The agreement focuses on delivering hyperscale and edge facilities that support public sector bodies and enterprises seeking control over data location, governance and compliance.
Both companies position the relationship around the delivery of full stack AI infrastructure that supports advanced workloads in a wide range of environments.
Nscale operates as a European headquartered AI infrastructure builder that brings online some of the largest supercomputer clusters globally. Its platform spans power, data centres, compute and software.
Armada, based in San Francisco, delivers distributed intelligence through modular data centres known as Galleons alongside the proprietary Armada Edge Platform. Together, the companies state they can support sovereign AI deployments both at scale and at the edge.
Full stack infrastructure for global deployments
The collaboration aims to bring full stack edge AI technology directly to multiple sites around the world.
With access to land and power at these locations, Armada and Nscale intend to deliver modular data centre infrastructure, GPU compute capacity, application software and customer support to end customers across private and public sectors.
For the data centre industry, the emphasis sits on speed of deployment and flexibility. Modular infrastructure allows compute capacity to be established far faster than traditional builds while still aligning with security and compliance requirements.
This approach supports organisations operating in locations where data centre infrastructure does not exist or cannot be delivered quickly through conventional construction.

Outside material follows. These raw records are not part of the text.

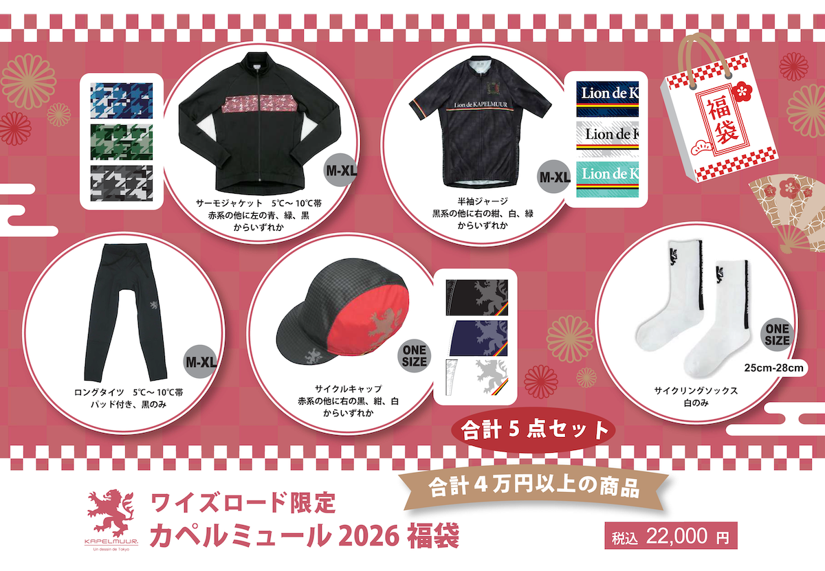 カペルミュールのウェア福袋は、5℃〜10℃に対応するサーモジャケット、10℃に対応する裏起毛ロングタイツに加え。夏の備えも出来ちゃう半袖ジャージ、メッシュ サイクルキャップ(それぞれカラーはランダムとなります)、さらにサイクリングソックスの5点セット、総額50,820円(税込)相当の内容となっております。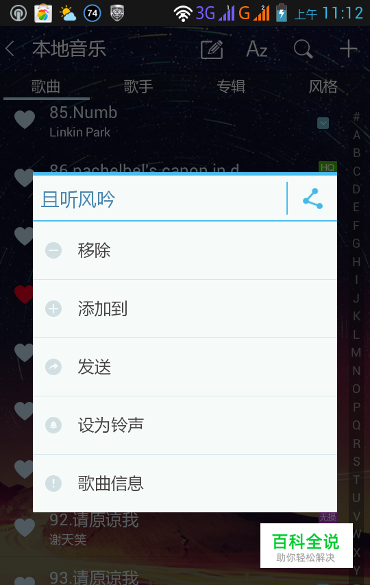 使用音乐软件进行设置。在音乐播放器的列表里,长按想要设置的条目会弹出选项,选择相应的条目即可。用我的音乐播放器上个图,其他的也都大同小异。 这种方法的优点是便捷,可以随时随地的简单的进行设置,但是也存在很大的弊端,每次关机后这种设置就失效了,需要重新设置。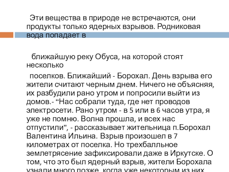 поселков. Ближайший - Борохал. День взрыва его жители считают черным днем. Ничего не объясняя, их разбудили рано утром и попросили выйти из домов.- “Нас собрали туда, где нет проводов электросети. Рано утром - в 5 или в 6 часов утра, я уже не помню. Волна прошла, и всех нас отпустили”, - рассказывает жительница п.Борохал Валентина Ильина. Взрыв произошел в 7 километрах от поселка. Но трехбалльное землетрясение зафиксировали даже в Иркутске. О том, что это был ядерный взрыв, жители Борохала узнали много позже, когда уже некоторым из них поставили диагноз - рак.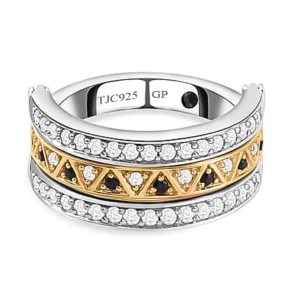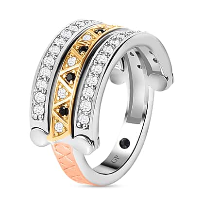 GP Art Deco Collection - Boi Ploi Black Spinel and Natural Zircon Interchangeable Ring in Platinum, Vermeil Yellow and Rose Gold Plated Sterling Silver

By combining rapidly-deployable infrastructure with large scale sovereign cloud deployments, the companies aim to empower customers to maintain sovereign compute environments anywhere in the world. Enterprises and governments can establish AI infrastructure in regions that require strict control over data residency without compromising operational needs.
Hub and spoke data centre model
The proposed solution enables a hub and spoke architecture that links large data centres with edge deployments.

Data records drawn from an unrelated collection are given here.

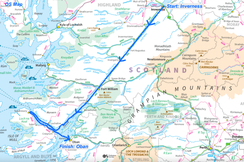 Route of The Lady of Avenel: Inverness to Oban, via Tobermory. 1st Oct to 8th Oct 2022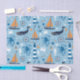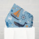 Ocean and nautical theme design features whales, orange sailboats, octopus, crabs, seahorses, ships wheels, anchors, lighthouses, and more on a pretty light blue background.
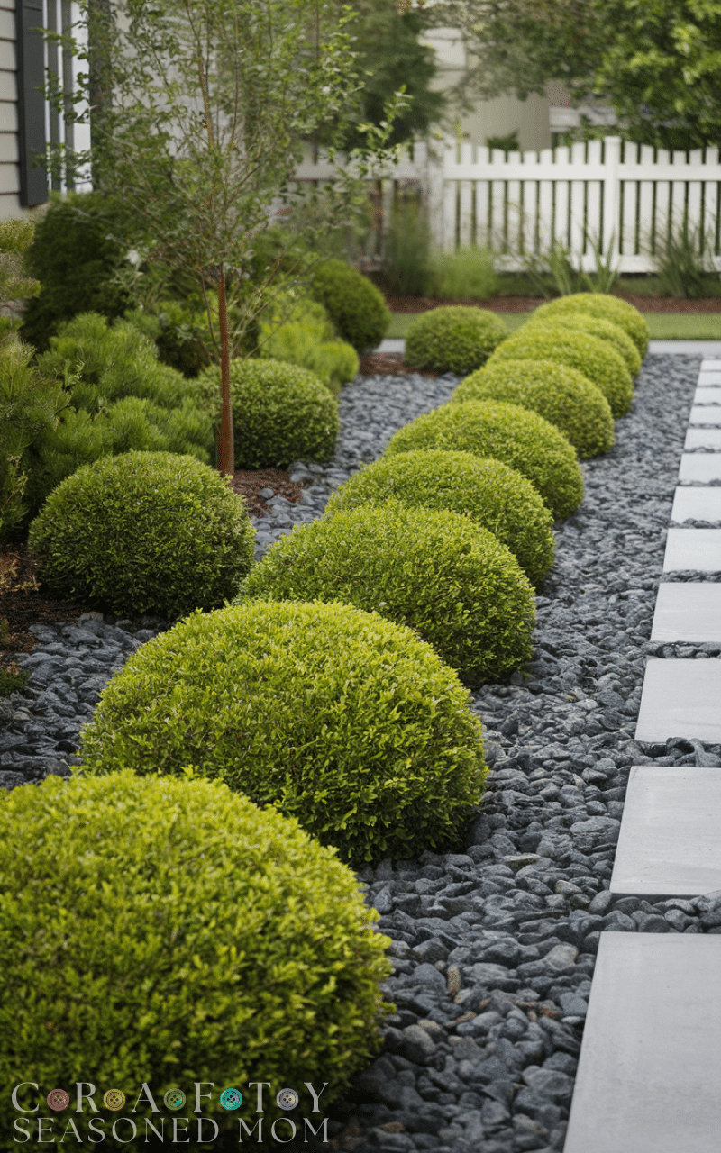 The ultimate solution for a low-maintenance and aesthetically pleasing front space is to favor “useful” greenery over a purely stone landscape. Rather than planting deep-rooted trees directly into the gravel, which could eventually seek out moisture near your concrete, use potted plants or shallow-rooted perennials to add visual interest without the risk.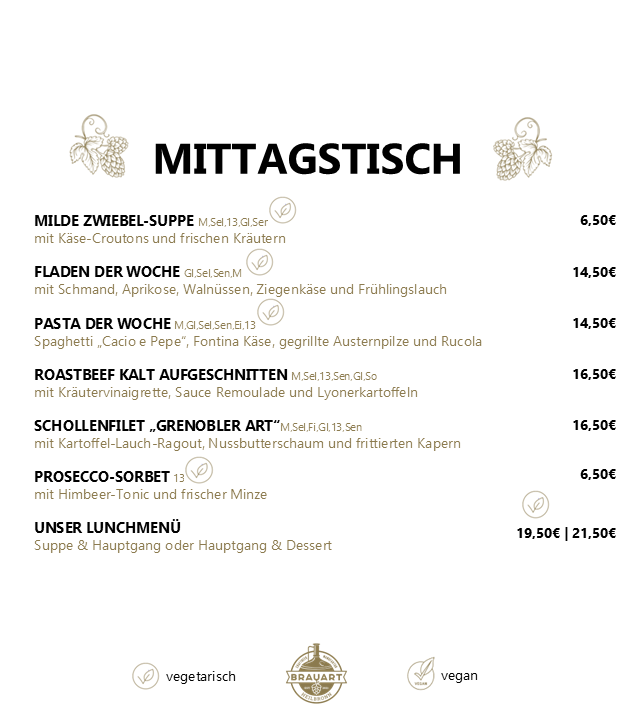 Es erwartet Sie ein Mittagstisch von 11:30 - 14:00 Uhr mit wöchentlich wechselnden Gerichten oder wählen Sie alternativ aus unserer regulären Mittagskarte von 11:30 - 17:15 Uhr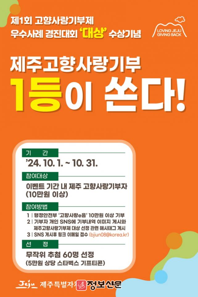 ![]() 제주특별자치도, 10월 한 달간 제주고향사랑기부 ‘1등이 쏜다!’ 이벤트 진행 |

Large-scale facilities from Nscale provide foundational capacity and unit economics associated with hyperscale environments. These hubs act as the core of sovereign cloud infrastructure.

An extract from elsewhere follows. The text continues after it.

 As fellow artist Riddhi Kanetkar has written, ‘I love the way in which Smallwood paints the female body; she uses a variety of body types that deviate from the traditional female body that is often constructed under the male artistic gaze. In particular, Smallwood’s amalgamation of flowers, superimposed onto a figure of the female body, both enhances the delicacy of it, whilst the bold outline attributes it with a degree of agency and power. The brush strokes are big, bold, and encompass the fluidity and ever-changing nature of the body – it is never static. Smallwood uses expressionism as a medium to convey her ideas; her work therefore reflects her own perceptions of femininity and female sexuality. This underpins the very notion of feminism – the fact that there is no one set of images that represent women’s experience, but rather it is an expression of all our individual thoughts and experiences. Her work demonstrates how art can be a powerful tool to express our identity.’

Armada extends these capabilities to new geographies at the edge through turnkey deployments such as Leviathan, its megawatt Galleon. These modular data centres function as spokes, allowing compute resources to operate closer to data sources and users.
For data centre planners, the model supports latency sensitive AI workloads while maintaining consistency across central and distributed sites.
Josh Payne, Founder and CEO of Nscale, says: “There is increasing demand from enterprises and governments for operational AI and meeting that need requires infrastructure that is scalable, distributed and ultimately sovereign.
“By working with Armada, we will be able to offer customers a flexible foundation for deploying advanced AI workloads wherever they need to operate, without compromising performance, security, or control.”
Extending sovereign AI to the edge
Armada positions its modular data centres as a way to extend sovereign AI beyond centralised clusters.
Dan Wright, Co Founder and CEO of Armada, adds: “As AI adoption accelerates, organisations need infrastructure that can reach beyond centralised clusters, on Earth and even beyond.
“One of Armada’s key differentiators is that we enable sovereign AI, with speed and scale. Partnering with Nscale allows us to extend our modular AI infrastructure into new global markets, supporting customers who require sovereign, high performance compute.”
Together, Armada and Nscale state they intend to establish a repeatable model for deploying AI infrastructure globally.
By uniting large scale sovereign cloud services, modular data centres and distributed operations, the collaboration focuses on enabling organisations to adopt AI while maintaining security, compliance and performance at scale.
For the data centre sector, the agreement reflects sustained focus on architectures that combine hyperscale efficiency with edge proximity.
Sovereign AI requirements continue to influence how and where data centres operate, placing modular and distributed facilities at the centre of future AI deployment strategies.